Indictment of Former Westinghouse Executive Charged in Connection with V.C. Summer Nuclear Project Dismissed

Former Westinghouse Electric Co. Senior Vice President Jeffrey A. Benjamin’s motion to dismiss for grand jury bias a federal indictment issued in August 2021 alleging he concealed damaging information concerning the V.C. Summer nuclear expansion project schedule was granted by U.S. District Judge Mary Geiger Lewis on August 2, 2023, in Columbia, South Carolina.

Benjamin had been charged with 16 felony counts, including conspiracy, wire fraud, securities fraud, and causing a publicly traded company to keep a false record, for allegedly failing to truthfully report information regarding construction of new nuclear units at the V.C. Summer nuclear plant. After the indictment was issued, Benjamin filed a motion to dismiss it for failure to state an offense. In response, the government indicated it planned to seek a superseding indictment, after which, a grand jury returned a superseding indictment containing the same charges, but some changed language.

The grand jury, however, was drawn from a statewide pool of citizens. Although the grand jurors were told at orientation they could decline to participate in a particular case if they felt they were unable to remain impartial, it appears the government failed to identify and recuse those grand jurors who were ratepayers to the owners—utility companies SCANA and Santee Cooper.

Benjamin argued the court should dismiss the indictment because the grand jury was comprised, at least in part, of victims of his alleged crime, that is, ratepayers, which impermissibly tainted the superseding indictment. The government, however, argued that this was a case of “diffuse public harm”—akin to public corruption or environmental pollution—that fails to disqualify ratepayer grand jurors. Such crimes harm society as a whole, and thus lack specifiable victims.

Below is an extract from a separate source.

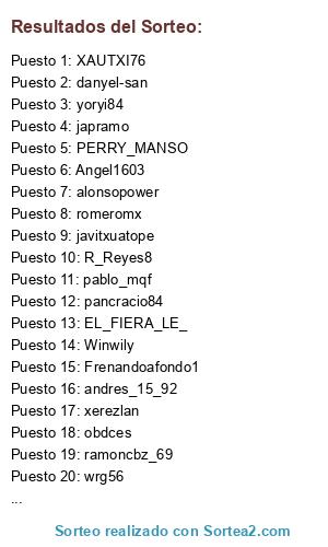 Lista de participantes: PERRY_MANSO, xerezlan, elsergi77, danyel-san, joparna, R_Reyes8, eljuanlu, wrg56, javitxuatope, Frenandoafondo1, Armand_Freak, yoryi84, andres_15_92, maosh, Mianardi, alonsopower, Winwily, EL_FIERA_LE_, Fasterman76, japramo, romeromx, ramoncbz_69, guanaticontomati, pancracio84, danumol, pablo_mqf, fcougar, XAUTXI76, Sergiogp90, obdces, Angel1603, davidiho10.
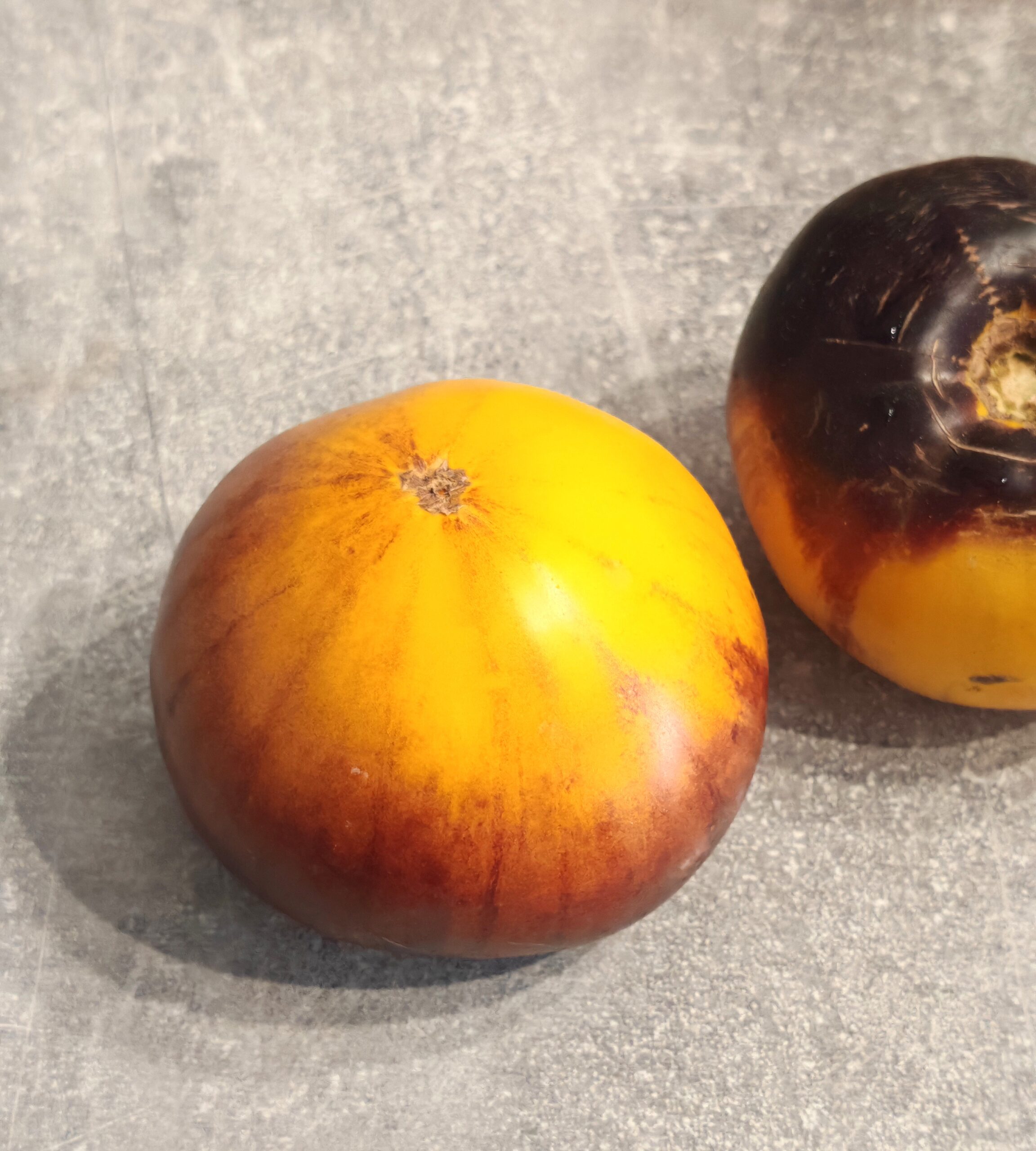 Kolor/ Kształt: Owoce są spłaszczone, typu befsztyk. Pomidory mają żółty kolor z plamami antocyjanowego błękitu indygo, prawie czarne ramiona. Mięsisty i soczysty miąższ.

But the order notes that rather than diffuse harm, in this case, the government specifically alleged significant financial injury to ratepayers. Ratepayers, although a large group, are distinct from the general public. Therefore, the judge granted Benjamin’s motion to dismiss for grand jury bias. Nonetheless, the order also states, “nothing in this opinion precludes the government from properly presenting a new indictment to a grand jury in accordance with the time allowed by statute.”

William M. Sullivan Jr., lead counsel for Benjamin, issued a statement saying: “We are very gratified by Judge Lewis’s lucid and articulate ruling, properly finding under the facts and the Constitution that Mr. Benjamin’s unequivocal Fifth Amendment right to an unbiased grand jury was compromised in this case. We also applaud her recognition that while dismissal is rare, it is also required in matters such as this one where such an extreme Constitutional violation occurred.”